I Was at LAX the Day of the Shooting, But I Don’t Want to Talk About It

I think it might make me feel better, though.
Following the Austin Film Festival, I boarded the filled-to-capacity plane to return to L.A. The pilot made an announcement that there was a shooting at LAX, so we might not be taking off right then. Then, they ordered us all off the plane, explaining that the situation was still (forgive the pun) up in the air and how waiting for a flight at the airport was a lot nicer than flying around extra to kill time until it was safe to land in L.A. or to end up having to land us somewhere else.
I grabbed lunch and read a book. I did not have a connecting flight or anyone waiting for me, so to me, personally, there was nothing to get stressed about.
Others weren’t so lucky. A few young women were going to fly in for a wedding that day then fly out the next day. After we were waiting in the airport a while to find out what would happen, they realized that they would no longer have a chance to attend the wedding. They decided to go home.
A few hours later, they boarded us back on the plane, saying the situation at LAX was over. Most of the people from earlier were gone. Most of us sat as the sole passenger in whatever three-person seat we took. The only people who sat next to anyone were, seemingly, those who wanted to, who knew their traveling companions.
I found myself wondering what “kind” of lunatic the shooter was. I figured he was a lunatic, yet another lost soul who for whatever combination of religious-political b.s. thought shooting a bunch of strangers who had never done anything to him was a good thing to do because of whatever type of b.s. was running through his mind and, no doubt, encouraged by the hatemongers of the Internet. Half of us don’t even both to vote.
Yes, I thought “he.” Let’s be honest.
But, I wondered, what particular cause did this guy find was just so important to justify murdering strangers?
With which holy book, if any, did he find justification? What group or groups did he blame?

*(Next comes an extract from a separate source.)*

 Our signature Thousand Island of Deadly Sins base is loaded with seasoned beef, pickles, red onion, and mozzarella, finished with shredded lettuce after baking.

Let’s be honest. They all blame others.
What political conspiracy did he prescribe to and what groups are victimized by this political conspiracy that most of us so-called “sheep” just don’t believe in because we’re too busy numbing ourselves with reality TV and the NFL to notice that aforementioned group or groups are doing whatever really bad things and how much worse it is going to get if people like him and the other people who read and write the things he agrees with don’t do something to put a stop to it?

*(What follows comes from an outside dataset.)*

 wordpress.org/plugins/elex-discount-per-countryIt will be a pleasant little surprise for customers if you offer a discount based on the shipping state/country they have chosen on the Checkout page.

As nonplussed as I was in Austin, my stress level rose after we landed at LAX. Some vehicles were being let onto the airport and some vehicles were not. The shuttle bus that connects people like me from the airport to Downtown L.A. to where we can take another train, if need be, to our urban homes, were not coming. No matter how long we all stood there waiting.
I began to wonder if it was as insane an idea as I thought it probably was to just walk off of the airport and keep walking until I could get a bus or a cab or something to get me home.
I started walking. I could not remember the configuration of the airport, if I was just going to walk into a highway or if there would be surface roads and bus stops and businesses. It’s funny how you don’t notice things like that when you don’t need to.
I quickly discovered a mass of humanity with the same idea, but with more luggage than I. (I only was in Austin for a week, and I travel light.) Rolling and hauling their suitcases, carrying or pulling the hands of small children, we all walked, like pilgrims toward a holy site.
Then, I noticed them. Another mass of humanity pulled and carried luggage and children onto the airport, realizing that for them, too, motorized transportation was not going to happen, and that they were going to do what they had to do.
So, now we all know, the shooter was a New World Order paranoid case/Alex Jones fan. That was one possibility I considered. I wondered if he was going to be a leftist Occupy-er or a fanatical Islamist (who were once the predominant terror suspects of the American imagination), but who now share the space in our minds where we keep our fears, along side those who bomb recruiting stations and factories where they test products on animals, men who feel sexually rejected by women and hurt by feminism and those opposed to . . . what? Abortion? Gay rights? Immigration? Gas-guzzling SUV’s? Logging?
Yes, I know about Timothy McVeigh, the Black Panthers, the Manson family, the Weather Underground, Neo-Nazis, the KKK and the other chapters of American terror.
But, I can’t help but feel like we’re entering into another chapter now. Mass shootings and bombings happen in quick succession.
Did anyone in the media even notice that LAX is not far from Santa Monica College, where not too long ago, another shooter with another cache of ammo made the same decision to kill a bunch of innocent strangers because of whatever justifications he made that whoever he was blaming for whatever he was blaming them for deserved to die by his hand?
When did we all get so blase about madmen and massacres?